In step S31 of FIG. 10, the determination unit 51 (FIG. 4) of the adaptive mixing unit 36 has shown in FIG. 5 for each band based on the average correlation ave_corr (b) supplied from the correlation / energy calculation unit 35. The mixing ratio m ₁ (ave_corr (b)) is determined.

In step S32, the determination unit 51 determines the mixing rate m as shown in FIG. 6 for each band based on the energy E _L (b) and the energy E _R (b) supplied from the correlation / energy calculation unit 35. ₂ Determine (LR_ratio (b)).

In step S33, the determination unit 51 determines the mixing rate m ₃ (b) as shown in FIG. 7 for each band based on the frequency of each band.

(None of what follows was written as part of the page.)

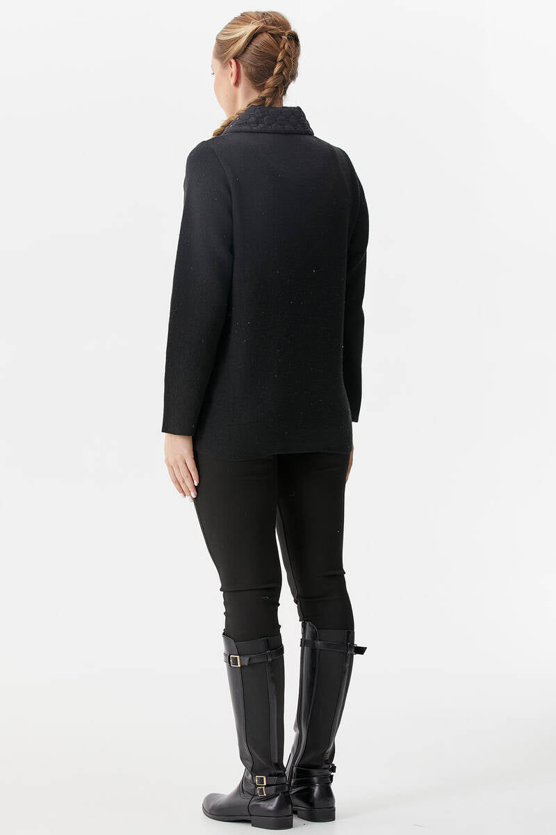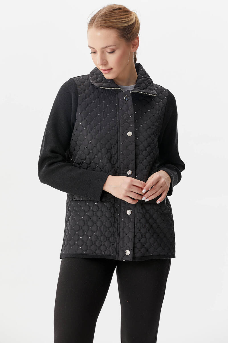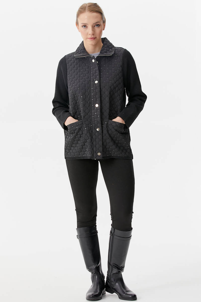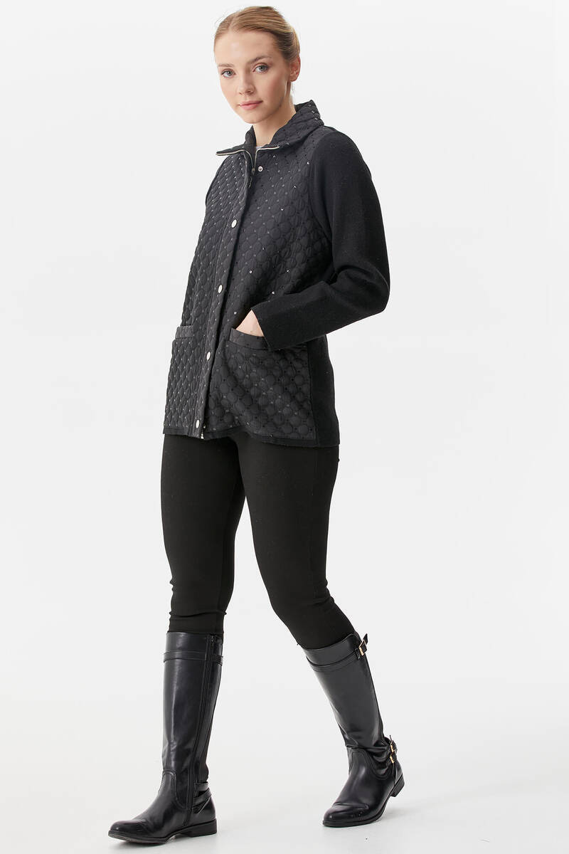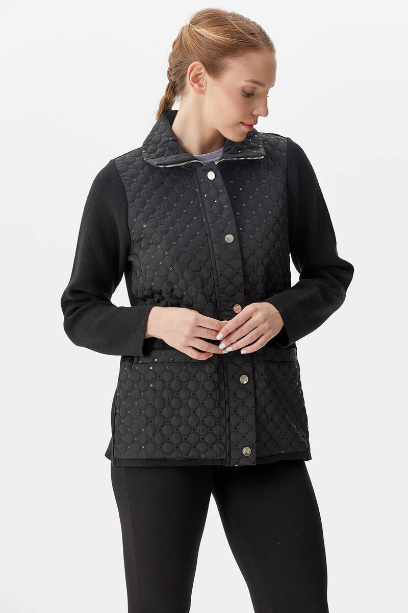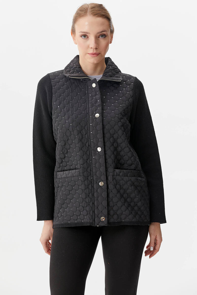 Stand Up Collar Studded Front Quilted Knitwear Jacket - Black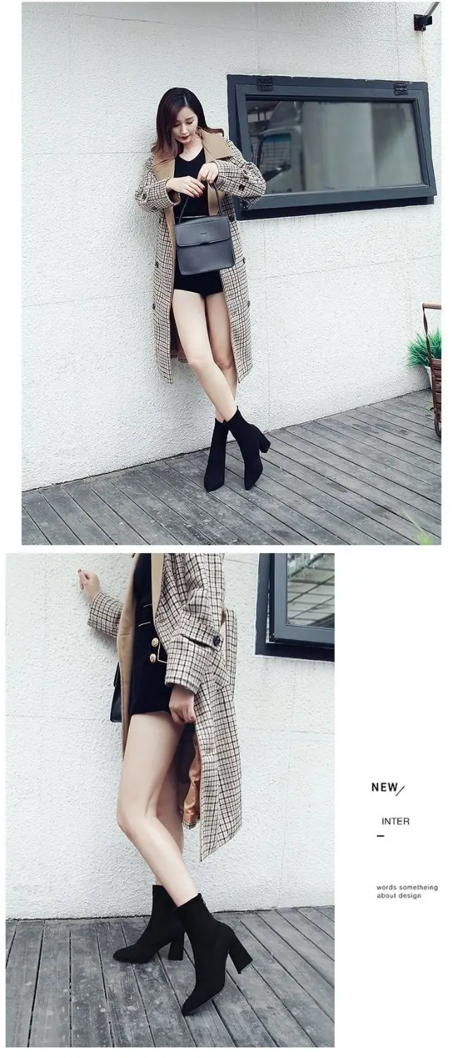 Новинка 2021, короткие женские ботинки, осенне-зимняя обувь на толстом каблуке, эластичные женские ботинки на высоком каблуке с острым носком для женщин

In step S <b> 34, the determination unit 51 determines, for each band, the above formula based on the mixing rate m ₁ (ave_corr (b)), the mixing rate m ₂ (LR_ratio (b)), and the mixing rate m ₃ (b). The mixing ratio m (b) is determined by (7) and formula (8). The determining unit 51 supplies the calculated mixing ratio m (b) to the multiplying unit 52, the multiplying unit 53, the multiplying unit 55, and the multiplying unit 56.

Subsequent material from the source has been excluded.